Dr. Jacobsen has published multiple scientific papers, including in the highest ranked in the field of Psychiatry. He is the inventor on several patents pertaining to the 5-HTP SR therapeutic concept. He holds a PhD in neuropharmacology from the University of Copenhagen.   

Charles Beasley, MD

Chief Medical Advisor

Dr. Beasley trained as a Psychiatrist and has over 30 years of CNS drug development experience from Eli Lilly.  He retired from Lilly in 2015 as Distinguished Lilly Scholar (Vice-Presidential level). 
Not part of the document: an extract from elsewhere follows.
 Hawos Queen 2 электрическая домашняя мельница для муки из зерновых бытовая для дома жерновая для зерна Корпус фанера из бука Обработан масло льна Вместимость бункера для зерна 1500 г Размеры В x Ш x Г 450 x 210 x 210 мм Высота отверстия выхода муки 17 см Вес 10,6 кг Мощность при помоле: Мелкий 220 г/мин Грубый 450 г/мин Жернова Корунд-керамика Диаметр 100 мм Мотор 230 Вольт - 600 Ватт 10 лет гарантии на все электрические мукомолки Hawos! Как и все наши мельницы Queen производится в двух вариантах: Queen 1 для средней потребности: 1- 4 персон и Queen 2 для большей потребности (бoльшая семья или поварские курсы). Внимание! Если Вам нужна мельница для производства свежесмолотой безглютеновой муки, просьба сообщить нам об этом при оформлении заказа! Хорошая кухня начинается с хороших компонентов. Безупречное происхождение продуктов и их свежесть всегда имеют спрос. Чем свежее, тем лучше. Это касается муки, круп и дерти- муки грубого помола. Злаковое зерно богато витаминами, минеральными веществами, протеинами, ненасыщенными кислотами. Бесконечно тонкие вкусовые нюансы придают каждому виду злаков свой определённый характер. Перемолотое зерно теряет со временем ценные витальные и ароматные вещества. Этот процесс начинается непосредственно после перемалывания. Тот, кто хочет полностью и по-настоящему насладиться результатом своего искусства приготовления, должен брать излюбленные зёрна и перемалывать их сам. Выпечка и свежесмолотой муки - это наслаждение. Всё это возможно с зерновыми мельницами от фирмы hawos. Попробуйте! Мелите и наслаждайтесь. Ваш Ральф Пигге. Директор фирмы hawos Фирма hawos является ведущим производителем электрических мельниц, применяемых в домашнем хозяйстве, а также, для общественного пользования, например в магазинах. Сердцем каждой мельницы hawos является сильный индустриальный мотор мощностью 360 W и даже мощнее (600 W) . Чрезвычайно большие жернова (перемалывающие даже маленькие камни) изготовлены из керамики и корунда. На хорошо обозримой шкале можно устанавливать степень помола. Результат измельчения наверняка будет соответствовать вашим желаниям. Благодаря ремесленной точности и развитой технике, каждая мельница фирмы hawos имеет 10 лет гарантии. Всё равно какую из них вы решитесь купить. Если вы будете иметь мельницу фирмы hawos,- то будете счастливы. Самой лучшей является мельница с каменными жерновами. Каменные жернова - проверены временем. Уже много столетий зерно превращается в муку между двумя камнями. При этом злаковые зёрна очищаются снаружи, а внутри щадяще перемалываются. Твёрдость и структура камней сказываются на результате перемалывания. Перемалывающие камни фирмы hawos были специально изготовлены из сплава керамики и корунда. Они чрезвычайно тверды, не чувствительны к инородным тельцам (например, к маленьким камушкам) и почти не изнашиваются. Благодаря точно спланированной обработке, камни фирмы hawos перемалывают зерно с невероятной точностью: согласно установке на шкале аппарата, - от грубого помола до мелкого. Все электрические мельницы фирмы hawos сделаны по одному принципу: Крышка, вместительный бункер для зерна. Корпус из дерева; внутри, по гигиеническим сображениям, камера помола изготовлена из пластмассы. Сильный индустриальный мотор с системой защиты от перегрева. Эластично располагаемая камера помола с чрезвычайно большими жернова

Dr. Beasley has executive level experience in the design, conduct, analysis, and successful submission of multiple Psychiatry Phase II-IV development programs. Additional work with select Phase I studies in various areas especially cardiac electrophysiology assessment.  Extensive experience in the domain of drug safety evaluation in response to high-profile challenges to the safety profiles of several drugs. Published widely in the scientific literature while in industry, gaining the respect of the academic community as exemplified by being elected to the highly competitive and prestigious American College of Neuropsychopharmacology. Training and research in computer science and statistics facilitate accurate and efficient collaboration with data scientists and statisticians, enhancing quality in progressing from study protocols to submissions and scientific manuscripts.

Walter Piskorski

Vice President, Product Development & CMC

Mr. Piskorski has over 40 years’ experience in pharmaceuticals and medical devices, with particular expertise in all aspects of commercializing new drug products and technologies. He was COO at Euthymics/Neurovance, a Cambridge startup developing triple reuptake inhibitor drugs for different psychiatric disorder. Neurovance was recently acquired by Otsuka Pharmaceuticals in March 2017.
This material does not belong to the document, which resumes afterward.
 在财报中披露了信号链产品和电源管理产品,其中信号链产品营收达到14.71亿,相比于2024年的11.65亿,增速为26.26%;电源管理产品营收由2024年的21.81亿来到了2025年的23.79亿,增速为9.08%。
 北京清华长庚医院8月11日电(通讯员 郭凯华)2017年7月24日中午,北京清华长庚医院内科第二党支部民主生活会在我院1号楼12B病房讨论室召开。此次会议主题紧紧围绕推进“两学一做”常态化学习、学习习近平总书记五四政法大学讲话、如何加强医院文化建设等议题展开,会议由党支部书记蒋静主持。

As SVP Technical Operations at Orexigen Therapeutics, he directed all CMC and Quality activities as well as clinical supply operations, resulting in a successful NDA submission and eventual drug approval for Contrave, a combination of buproprion/naltrexone for weight. During his 12 years at Sepracor, now Sunovion, he launched four new NDA products, all of different dosage forms and manufacturing technologies.  The extremely successful launch of Lunesta was characterized by Forbes magazine as the “5thbest launch in pharma history”. He grew the outsourced operations from zero to a level supporting $1.2B of sales.  
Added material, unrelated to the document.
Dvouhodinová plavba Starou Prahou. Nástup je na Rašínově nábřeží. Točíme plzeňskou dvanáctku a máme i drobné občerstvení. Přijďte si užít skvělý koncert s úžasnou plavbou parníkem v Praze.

Prior to Sepracor he managed the development of various respiratory pMDI drugs at Armstrong Pharmaceuticals. There he led the team that successfully obtained the first generic albuterol pMDI inhaler ANDA for a US company. Earlier in his career at C.R.Bard, Baxter International and Bristol Myers, Mr. Piskorski held various positions that built a wealth of diverse product and technology know-how. He successfully bridges the different technical/clinical skills needed to commercialize new drugs. His techno/business expertise spans a wide range of drug products ranging from Class IV, high potency, controlled substances to generic pressurized Meter Dose Inhalers (pMDI). In addition to designing pharmaceutical production facilities, he has managed the preparation of various types of regulatory submissions:  510(k), ANDA and NDA. Mr. Piskorski has a degree in Chemical Engineering from Rensselaer Polytechnic Institute, a MBA from Syracuse Univ. and did post-graduate studies in Operations Research.